The `tdda` package provides Python support for
[test-driven data analysis](https://book.tdda.info)
([1-page summary](http://stochasticsolutions.com/pdf/TDDA-One-Pager.pdf),
[blog](http://www.tdda.info/pages/table-of-contents.html#table-of-contents),
[book](https://book.tdda.info)).

## Features

- **Reference Testing** (`tdda.referencetest`): extensions to `unittest` and
  `pytest` for testing data analysis pipelines. Supports file-based
  comparisons, semantic equivalence, automatic rewriting of reference results,
  and test tagging.

- **Automatic Test Generation** (`tdda gentest`): generates reference tests
  for any command-line script or program (Python, R, shell, Makefile, ...).
  *"Gentest writes tests, so you don't have to."*™

- **Constraints** (`tdda.constraints`): discovers constraints from Pandas
  DataFrames, Parquet files, flat files, and relational databases; verifies
  new data against those constraints; detects failing records.

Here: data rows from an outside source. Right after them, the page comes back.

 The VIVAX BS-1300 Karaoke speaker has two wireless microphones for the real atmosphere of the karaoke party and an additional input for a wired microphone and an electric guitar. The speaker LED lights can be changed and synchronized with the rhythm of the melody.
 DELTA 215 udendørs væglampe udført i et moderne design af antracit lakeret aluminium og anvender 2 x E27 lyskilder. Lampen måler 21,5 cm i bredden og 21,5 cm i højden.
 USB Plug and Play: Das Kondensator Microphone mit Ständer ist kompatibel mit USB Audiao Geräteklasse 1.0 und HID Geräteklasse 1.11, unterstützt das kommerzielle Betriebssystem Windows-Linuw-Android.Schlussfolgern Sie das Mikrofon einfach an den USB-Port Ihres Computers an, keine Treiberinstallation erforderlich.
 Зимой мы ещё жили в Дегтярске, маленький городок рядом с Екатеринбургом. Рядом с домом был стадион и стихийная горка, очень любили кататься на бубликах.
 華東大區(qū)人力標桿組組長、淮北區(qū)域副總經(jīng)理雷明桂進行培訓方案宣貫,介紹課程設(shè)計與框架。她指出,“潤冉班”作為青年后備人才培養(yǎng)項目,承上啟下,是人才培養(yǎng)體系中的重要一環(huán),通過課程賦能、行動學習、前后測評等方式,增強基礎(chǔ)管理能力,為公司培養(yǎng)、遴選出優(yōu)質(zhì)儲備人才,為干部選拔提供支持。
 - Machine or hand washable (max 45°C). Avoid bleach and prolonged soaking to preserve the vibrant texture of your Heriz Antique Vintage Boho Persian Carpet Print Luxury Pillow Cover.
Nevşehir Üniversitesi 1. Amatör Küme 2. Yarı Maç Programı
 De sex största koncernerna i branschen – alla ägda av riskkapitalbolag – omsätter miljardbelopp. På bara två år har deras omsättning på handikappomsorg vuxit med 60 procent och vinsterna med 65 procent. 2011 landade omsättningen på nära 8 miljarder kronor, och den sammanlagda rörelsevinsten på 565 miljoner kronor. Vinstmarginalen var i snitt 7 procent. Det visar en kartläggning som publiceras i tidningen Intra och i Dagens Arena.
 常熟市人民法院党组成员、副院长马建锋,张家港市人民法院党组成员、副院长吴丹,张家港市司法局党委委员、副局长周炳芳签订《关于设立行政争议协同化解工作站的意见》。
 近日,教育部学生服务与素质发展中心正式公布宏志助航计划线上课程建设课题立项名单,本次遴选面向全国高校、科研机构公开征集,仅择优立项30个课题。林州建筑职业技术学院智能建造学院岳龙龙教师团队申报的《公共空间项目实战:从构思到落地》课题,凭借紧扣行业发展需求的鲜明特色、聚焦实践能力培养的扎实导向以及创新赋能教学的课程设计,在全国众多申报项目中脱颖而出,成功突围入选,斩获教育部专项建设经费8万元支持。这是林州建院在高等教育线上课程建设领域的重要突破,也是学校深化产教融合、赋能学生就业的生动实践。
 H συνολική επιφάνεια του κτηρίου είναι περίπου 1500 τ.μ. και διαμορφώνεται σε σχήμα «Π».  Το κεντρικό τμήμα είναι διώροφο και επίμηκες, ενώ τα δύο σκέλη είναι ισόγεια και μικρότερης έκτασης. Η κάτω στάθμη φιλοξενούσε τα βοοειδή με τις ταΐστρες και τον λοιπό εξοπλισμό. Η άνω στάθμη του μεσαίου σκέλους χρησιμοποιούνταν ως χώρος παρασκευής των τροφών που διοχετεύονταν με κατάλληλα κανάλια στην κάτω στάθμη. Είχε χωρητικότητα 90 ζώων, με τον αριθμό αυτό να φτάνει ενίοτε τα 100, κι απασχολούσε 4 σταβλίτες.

- **Regular Expression Inference** (`tdda.rexpy`): automatically infers
  regular expressions from a column of string data.

- **Data Diff** (`tdda diff`): compares data frames in Parquet or flat files
  and reports differences in a visual format.

- **Serial Format** (`tdda.serial`): documents CSV and flat-file formats in
  `.serial` metadata files for accurate, portable reading and writing.
  Supports conversion to/from [CSVW](https://csvw.org) and
  [Frictionless](https://frictionlessdata.io) metadata.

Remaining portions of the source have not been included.